Collected material:
• • • •

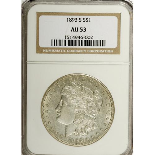 <B>1893-S S$1 AU53 NGC.</B></I> The 1893-S issue is one that seems to enjoy unceasing popularity with collectors, and the considerable price appreciation that the date has seen in the last three years or so shows little sign of abating. This is also one issue that the uninitiated should <I>never</B></I> buy "raw" or uncertified, as numerous, perhaps thousands, of spurious examples exist. The present NGC-certified piece offers pleasing lustrous silver surfaces with no appreciable toning. The eye appeal is excellent, and Liberty's cheek is extremely clean, despite the light highpoint rub. Beautiful and distraction-free.<BR><BR><b>Shipping:</b> Coin/Currency (<a target="_blank" href="http://www.heritageauctions.com/common/shipping.php">view shipping information</a>)
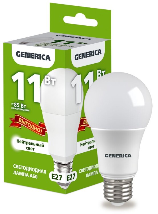 Лампа LED A60 груша 11Вт 230В 4000К E27 ПРОМО GENERICA
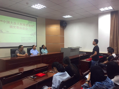 2017年6月28日下午,由西南政法大学人权研究院与新葡萄8883官网AMG联合举办的“中国大众人权观念调查”国家重点课题项目颁奖典礼暨座谈会在新葡萄8883官网AMG举行。新葡萄8883官网AMG王勇教授、田庆锋副教授和赵书文副教授参加此次颁奖典礼并为获奖学生颁奖。
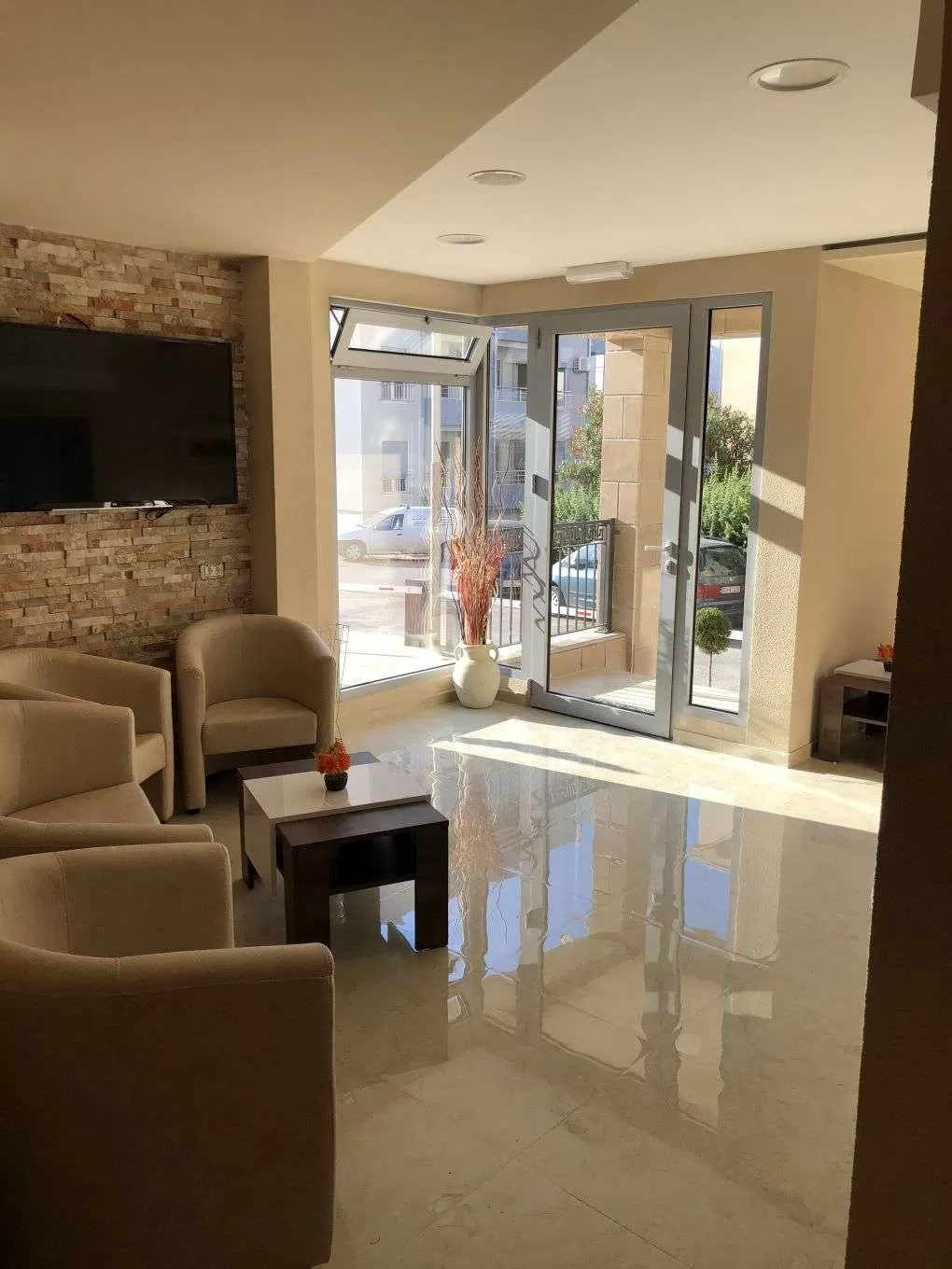В доме: 17 апартаментов с террасами, лифт, ресепшн 24 часа, платная парковка, прокат авто. Сервис: ежедневная уборка номеров, ежедневная смена полотенец, смена постельного белья – раз в 4 дня.

• • • •

Problem statement: All of the data should be returned word for word, with each picture left out.

Written solution:
 <B>1893-S S$1 AU53 NGC.</B></I> The 1893-S issue is one that seems to enjoy unceasing popularity with collectors, and the considerable price appreciation that the date has seen in the last three years or so shows little sign of abating. This is also one issue that the uninitiated should <I>never</B></I> buy "raw" or uncertified, as numerous, perhaps thousands, of spurious examples exist. The present NGC-certified piece offers pleasing lustrous silver surfaces with no appreciable toning. The eye appeal is excellent, and Liberty's cheek is extremely clean, despite the light highpoint rub. Beautiful and distraction-free.<BR><BR><b>Shipping:</b> Coin/Currency (<a target="_blank" href="http://www.heritageauctions.com/common/shipping.php">view shipping information</a>)
 Лампа LED A60 груша 11Вт 230В 4000К E27 ПРОМО GENERICA
 2017年6月28日下午,由西南政法大学人权研究院与新葡萄8883官网AMG联合举办的“中国大众人权观念调查”国家重点课题项目颁奖典礼暨座谈会在新葡萄8883官网AMG举行。新葡萄8883官网AMG王勇教授、田庆锋副教授和赵书文副教授参加此次颁奖典礼并为获奖学生颁奖。
В доме: 17 апартаментов с террасами, лифт, ресепшн 24 часа, платная парковка, прокат авто. Сервис: ежедневная уборка номеров, ежедневная смена полотенец, смена постельного белья – раз в 4 дня.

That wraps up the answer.